• INPUT DATA
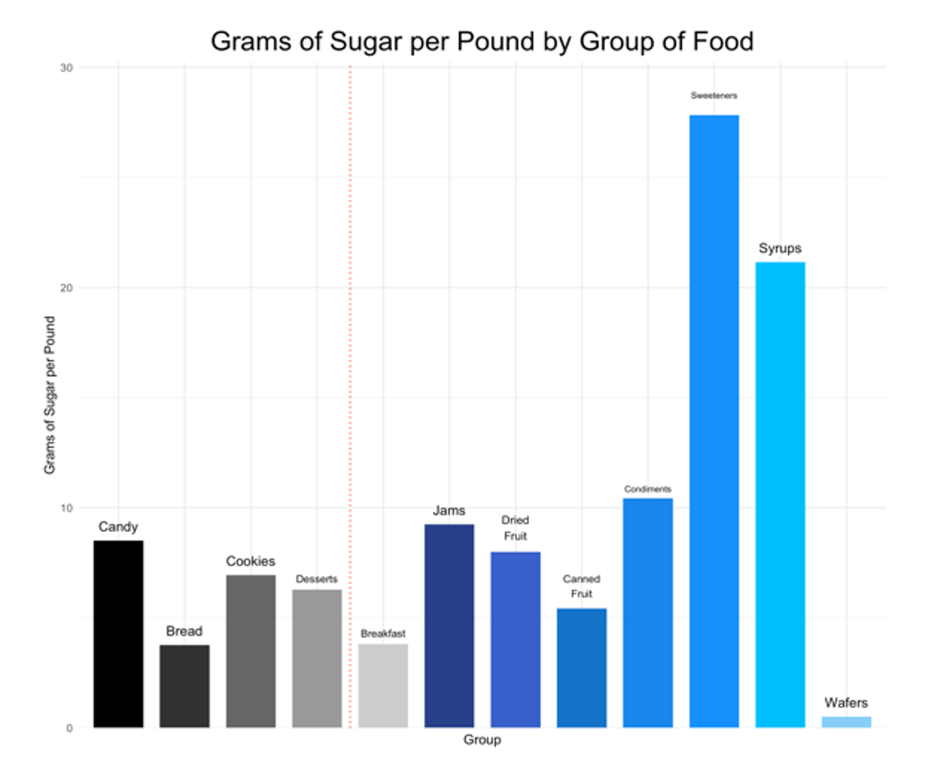 We use data from Nielsen1 which provides weekly point-of-sale data from select stores on all items sold that week in the store. According to the American Economic Association, the Nielsen data has ‘more than half the total sales volume of US grocery and drug stores and more than 30 percent of all US mass merchandiser sales volume.’ We then implemented a web scraping to determine nutrition facts of those Universal Product Codes (UPCs). Our final dataset had 11,181 unique items and 563.8 million reports. These data can help shed light on this topic because it shows what items people are buying and because it is one of the largest datasets available. We study 9 specific types of food which are important contributors to negative health outcomes in the US according to the American Heart Association (AHA). Figure 1 shows the number of transactions, the amount of sugar, and the concentration of sugar for each group.
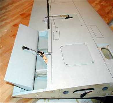 using wood screws. The extra push rod shown is for the wing fowler flaps. This
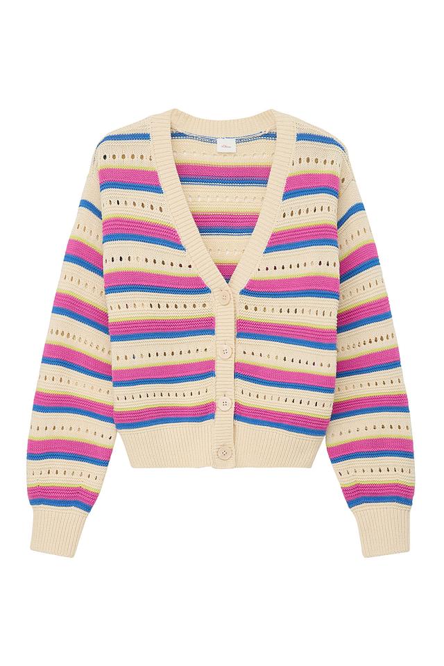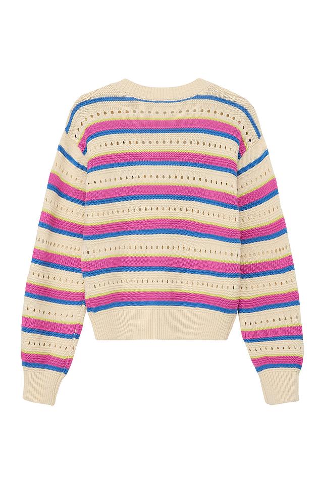 Кардиган имеет классический силуэт с V-образным вырезом и застежкой на пуговицы. Яркий полосатый узор, выполненный в различных оттенках, придает изделию игривый и жизнерадостный вид. Бежевый фон гармонично сочетается с разноцветными полосами, создавая стильный и запоминающийся образ.

• WHAT THE EXERCISE ASKS
Would you repeat the material exactly, keeping out any pictures?

• RESULT OF THIS EXERCISE
 We use data from Nielsen1 which provides weekly point-of-sale data from select stores on all items sold that week in the store. According to the American Economic Association, the Nielsen data has ‘more than half the total sales volume of US grocery and drug stores and more than 30 percent of all US mass merchandiser sales volume.’ We then implemented a web scraping to determine nutrition facts of those Universal Product Codes (UPCs). Our final dataset had 11,181 unique items and 563.8 million reports. These data can help shed light on this topic because it shows what items people are buying and because it is one of the largest datasets available. We study 9 specific types of food which are important contributors to negative health outcomes in the US according to the American Heart Association (AHA). Figure 1 shows the number of transactions, the amount of sugar, and the concentration of sugar for each group.
 using wood screws. The extra push rod shown is for the wing fowler flaps. This
 Кардиган имеет классический силуэт с V-образным вырезом и застежкой на пуговицы. Яркий полосатый узор, выполненный в различных оттенках, придает изделию игривый и жизнерадостный вид. Бежевый фон гармонично сочетается с разноцветными полосами, создавая стильный и запоминающийся образ.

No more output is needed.